Exercise directions.
Work through the listing below and give again exactly the lines from the one with "The program will" to the one with "of the number.", both ends included. All other lines and all pictures stay out.

Data extracts.
--- START ---

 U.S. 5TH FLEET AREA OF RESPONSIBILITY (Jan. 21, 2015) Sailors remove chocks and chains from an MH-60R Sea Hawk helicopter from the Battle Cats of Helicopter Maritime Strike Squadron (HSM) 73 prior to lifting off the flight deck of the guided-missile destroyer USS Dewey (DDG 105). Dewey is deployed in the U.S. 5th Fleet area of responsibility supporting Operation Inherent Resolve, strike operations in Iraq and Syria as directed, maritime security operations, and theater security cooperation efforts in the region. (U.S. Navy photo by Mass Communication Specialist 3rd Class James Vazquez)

--- END ---
--- START ---

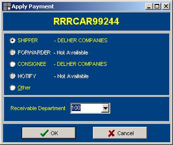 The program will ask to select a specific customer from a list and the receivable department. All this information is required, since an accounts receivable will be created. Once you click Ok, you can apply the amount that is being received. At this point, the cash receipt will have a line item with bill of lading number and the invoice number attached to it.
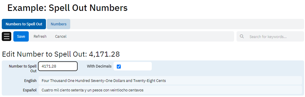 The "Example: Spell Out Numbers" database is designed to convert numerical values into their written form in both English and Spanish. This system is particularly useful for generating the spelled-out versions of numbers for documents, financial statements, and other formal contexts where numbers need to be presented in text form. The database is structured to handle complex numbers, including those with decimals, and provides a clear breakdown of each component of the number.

--- END ---

Exercise output.
 The program will ask to select a specific customer from a list and the receivable department. All this information is required, since an accounts receivable will be created. Once you click Ok, you can apply the amount that is being received. At this point, the cash receipt will have a line item with bill of lading number and the invoice number attached to it.
 The "Example: Spell Out Numbers" database is designed to convert numerical values into their written form in both English and Spanish. This system is particularly useful for generating the spelled-out versions of numbers for documents, financial statements, and other formal contexts where numbers need to be presented in text form. The database is structured to handle complex numbers, including those with decimals, and provides a clear breakdown of each component of the number.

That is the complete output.